In terms of the requirements of the Companies Act, 2013 and the Listing Regulations, an annual performance evaluation of the Board is undertaken where the Board formally assesses its own performance with an aim to improve the effectiveness of the Board and the Committees.

During the year, Board Evaluation cycle was completed by the Company internally which included the evaluation of the Board as a whole, its Committees as well as peer evaluation of directors. The exercise was led by the Chairman of Nomination and Remuneration Committee of the Company. The evaluation process focused on various aspects of the functioning of the Board and Committees such as composition of the Board and its committees, experience and competencies, performance of special duties and obligations, governance issues etc. As an outcome of the exercise, it was noted that the Board as a whole is functioning as cohesive body which is well engaged with different perspectives.. Further, performance evaluation was also carried out for Mrs.Shamantha Dodla, who retires by rotation and being eligible has offered herself for reappointment.
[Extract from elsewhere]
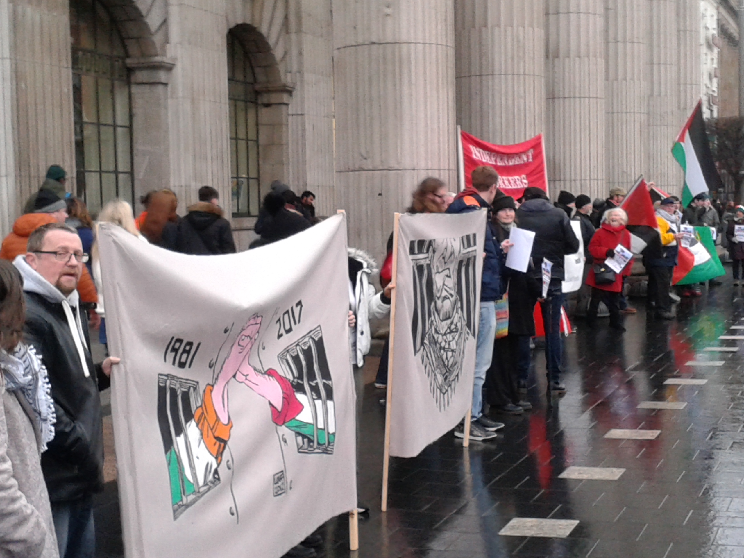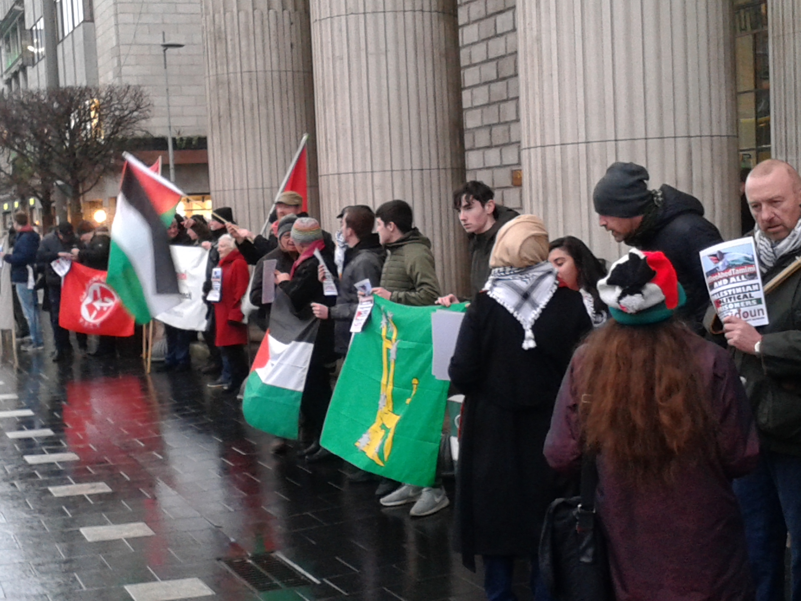 A wet Saturday afternoon saw a large crowd attend a protest picket organised by the Anti-Imperialist Action organisation; it was in specific solidarity with Palestinian Teenager Ehed Tamimi, jailed in December last year by the Israeli Zionist occupation — but also with all Palestinian political prisoners.

Also, the performance of the Independent Directors was evaluated by the entire Board of Directors and all the Independent Directors fulfills the independence criteria and are independent of the management as set out in the provisions of the Companies Act, 2013 read with SEBI ( Listing Obligations and Disclosure Requirements) Regulations, 2015.


The following policies are attached herewith and marked as Annexure –VII and VIII respectively:

a. Policy for selection of Directors including qualifications, positive attributes and independence of a director evaluation mechanism.
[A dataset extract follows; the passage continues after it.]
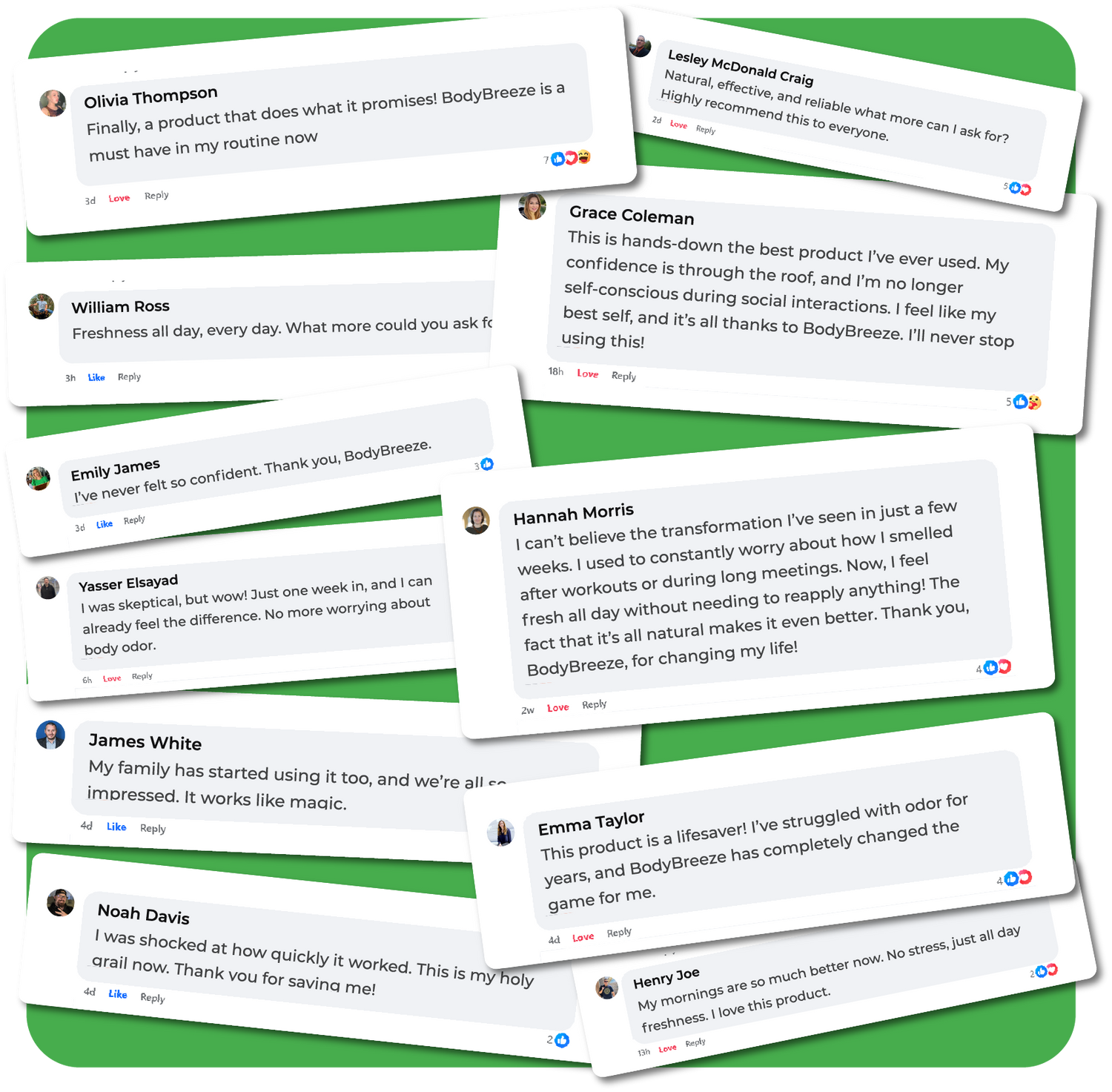 I’ve never felt so fresh and confident! My breath, skin, and gut health have improved dramatically. No more bloating, and I love the all-day odor elimination. Highly recommend BodyBreeze!

b. Remuneration Policy for Directors, Key managerial Personnel and other employees.


The meetings of the Board are scheduled at regular intervals to discuss and decide on business performance, policies, strategies and other matters of significance.

The Board has duly met 13 times during the Financial Year 2018-19 i.e.,10th April,2018, 20th April,2018, 1st May,2018, 23rd June,2018, 1st July,2018, 20th July,2018, 8th August, 2018, 3rd September,2018, 7th September,2018, 24th September,2018, 6th December,2018, 10th December,2018 and 22nd January,2019. The intervening gap between any two consecutive Board Meetings was within the period prescribed under the provisions of the Companies Act, 2013.

Name Category No. of Board Meetings Attended Promoter & Executive Directors
Mr.Dayanand Agarwal Chairman & Managing 12/13
Mr. Sugan Chand Sharma WholeTime Director 12/13
Non - Promoter &Non - Executive Directors
Mr. M. B. Suneel Independent Director 2/8
Ms. Ajai Kumar Agarwal Independent Director 2/8
Mr. Shamantha Dodla Non-Executive Director 6/8

Attendance in the Board Meetings:

Date of Board Meeting Mr.Dayana nd Agarwal Mr.Sugan Chand Sharma Mr.Mamidi Suneel Bhudevi Mr.Ajai Kumar Agarwal Ms.Shamantha Dodla
1. 10.04.2018 Yes Yes N/A N/A N/A
2. 20.04.2018 Yes Yes N/A N/A N/A
3. 01.05.2018 Yes Yes N/A N/A N/A
4. 23.06.2018 Yes Yes N/A N/A N/A
5. 01.07.2018 Yes Yes N/A N/A N/A
6. 20.07.2018 Yes Yes Yes Yes Yes
7. 08.08.2018 Yes No No No Yes
8. 03.09.2018 Yes Yes No No Yes
9. 07.09.2018 Yes Yes No No No
10. 24.09.2018 Yes Yes No No Yes
11. 06.12.2018 Yes Yes Yes Yes No
12. 10.12.2018 Yes Yes No No Yes
13. 22.01.2019 No Yes No No Yes


We have adopted policies and procedures which enables implementation of appropriate internal financial controls across the organization and also ensures the orderly and efficient conduct of business, including adherence to the Companys policies, the safeguarding of its assets, the prevention and detection of fraud, error reporting mechanism, the accuracy and completeness of the accounting records, and timely preparation of reliable financial disclosures. Internal Financial Controls are an integrated part of the Risk Management Process, addressing financial and financial reporting risks. The Internal Financial Controls have been documented, digitized and embedded in the business process.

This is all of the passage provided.